Railroad’s solution to rail blockades: enforce the law and jail protesters

Kansas City Southern calls for jailing protesters to deter further blockades

The solution to railway blockades that disrupt the movement of goods is to enforce the law, suggests the president of Kansas City Southern of México.

José Zozaya said allocating the necessary personnel and jailing protesters who block the rails are the way to get freight moving again.

“We have filed complaints and believe [the protesters] will be held responsible and some may go to jail. Once this happens, I’m sure that they’ll stop going out to block the tracks,” he said.

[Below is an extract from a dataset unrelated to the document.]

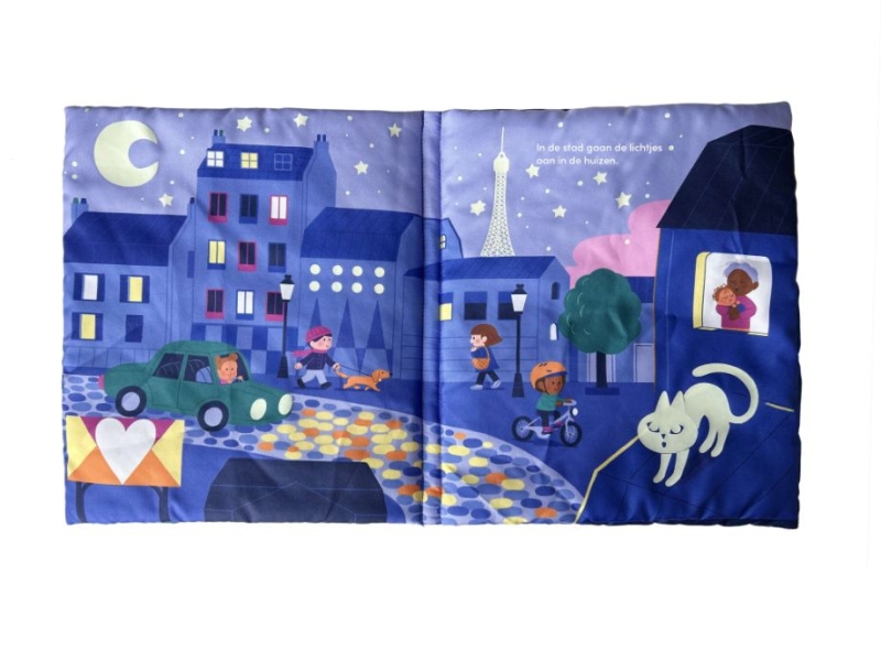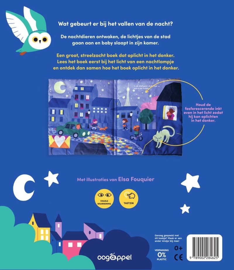 Wat gebeurt er bij het vallen van de nacht? De nachtdieren ontwaken, de lichtjes van de stad gaan aan en baby slaapt in zijn kamer. Een groot, streelzacht boek dat oplicht in het donker.Lees het boek eerst bij het licht van een nachtlampje en ontdek dan samen hoe het boek oplicht in het donker.

The federal penal code stipulates a jail sentence ranging from 15 days to two years for anyone blocking railways without inflicting damage. That sentence can be as long as five years if there is damage to the tracks.

Zozaya’s comment came after 10-15 members of the CNTE teachers’ union blocked the tracks in the port city of Lázaro Cárdenas, Michoacán, for several days last week, an action which disrupted the movement of around 20 trains.

The company filed complaints against the protesters with the federal Attorney General’s Office (FGR).

The Nuevo León Chamber of Industrial Transformation (Caintra) called for authorities to find a solution to the problem, stating that blockades are difficult to deal with even when companies have prior warning of them.

“Caintra is asking for support and is joining the petition with other chambers to resolve a problem that gravely impacts logistics and the industrial sector of Mexico,” said institutional relations director Jesús Francisco López.

The blockade that paralyzed rail traffic in the port was lifted late last week after Michoacán Governor Silvano Aureoles Conejo promised to grant the teachers 2.24 million pesos (US $113,000) to settle outstanding debts with them.

Zozaya said investigations should still be carried out despite the negotiations.

“If the negotiations arrive at a happy ending, we can consider withdrawing the complaints . . . but in the interim, whoever blocks railways should go to jail,” he said.